## [Work to complete]
Below, locate the line that contains "ショートブーツ レディース ワークブーツ". Repeat exactly from that line to the line that contains "شرکت جهاد نصر", inclusive, leaving out the pictures.

## [Records to use]
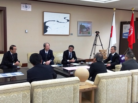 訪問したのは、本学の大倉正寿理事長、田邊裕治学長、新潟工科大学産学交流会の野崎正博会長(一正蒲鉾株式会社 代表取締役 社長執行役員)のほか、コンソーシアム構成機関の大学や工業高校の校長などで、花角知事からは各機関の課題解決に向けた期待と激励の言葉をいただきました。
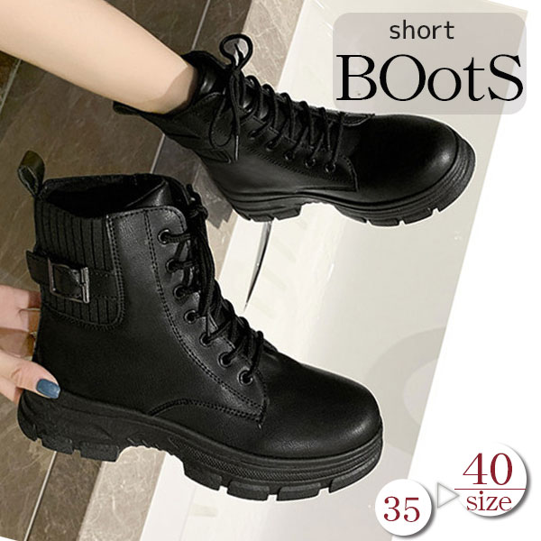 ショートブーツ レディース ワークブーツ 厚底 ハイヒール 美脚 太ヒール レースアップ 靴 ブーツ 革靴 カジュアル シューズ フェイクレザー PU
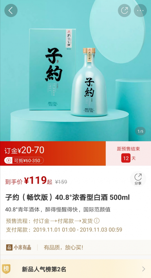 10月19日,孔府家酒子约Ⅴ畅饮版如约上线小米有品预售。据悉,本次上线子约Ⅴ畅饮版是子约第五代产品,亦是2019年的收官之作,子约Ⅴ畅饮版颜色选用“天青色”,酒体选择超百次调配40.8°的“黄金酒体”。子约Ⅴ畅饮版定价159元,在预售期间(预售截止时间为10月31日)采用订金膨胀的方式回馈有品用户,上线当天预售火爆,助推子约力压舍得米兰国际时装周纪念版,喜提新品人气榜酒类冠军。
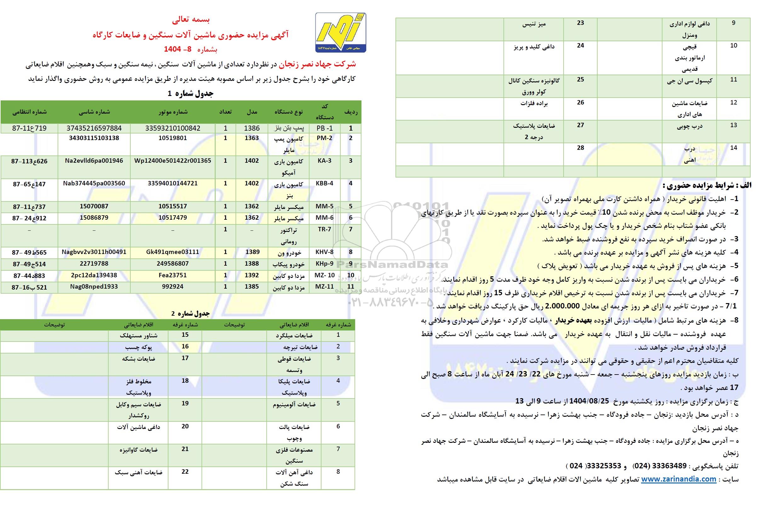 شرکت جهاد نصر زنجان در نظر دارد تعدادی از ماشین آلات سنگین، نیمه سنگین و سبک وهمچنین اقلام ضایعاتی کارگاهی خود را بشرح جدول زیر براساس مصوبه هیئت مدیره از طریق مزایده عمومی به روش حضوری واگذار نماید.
==
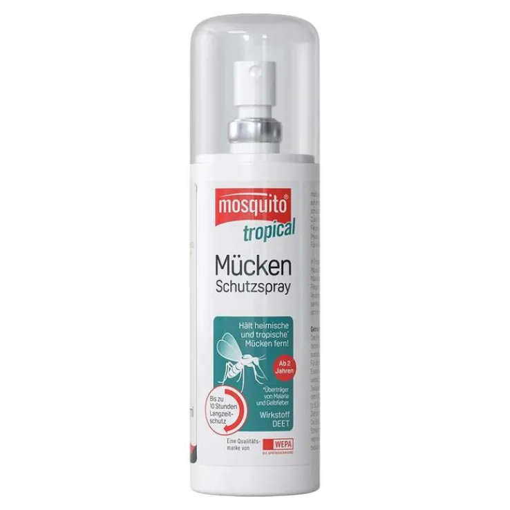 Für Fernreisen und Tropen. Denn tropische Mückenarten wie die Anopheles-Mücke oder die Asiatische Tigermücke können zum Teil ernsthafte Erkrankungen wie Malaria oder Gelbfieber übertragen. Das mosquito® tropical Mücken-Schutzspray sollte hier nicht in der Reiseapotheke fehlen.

## [Task result]
 ショートブーツ レディース ワークブーツ 厚底 ハイヒール 美脚 太ヒール レースアップ 靴 ブーツ 革靴 カジュアル シューズ フェイクレザー PU
 10月19日,孔府家酒子约Ⅴ畅饮版如约上线小米有品预售。据悉,本次上线子约Ⅴ畅饮版是子约第五代产品,亦是2019年的收官之作,子约Ⅴ畅饮版颜色选用“天青色”,酒体选择超百次调配40.8°的“黄金酒体”。子约Ⅴ畅饮版定价159元,在预售期间(预售截止时间为10月31日)采用订金膨胀的方式回馈有品用户,上线当天预售火爆,助推子约力压舍得米兰国际时装周纪念版,喜提新品人气榜酒类冠军。
 شرکت جهاد نصر زنجان در نظر دارد تعدادی از ماشین آلات سنگین، نیمه سنگین و سبک وهمچنین اقلام ضایعاتی کارگاهی خود را بشرح جدول زیر براساس مصوبه هیئت مدیره از طریق مزایده عمومی به روش حضوری واگذار نماید.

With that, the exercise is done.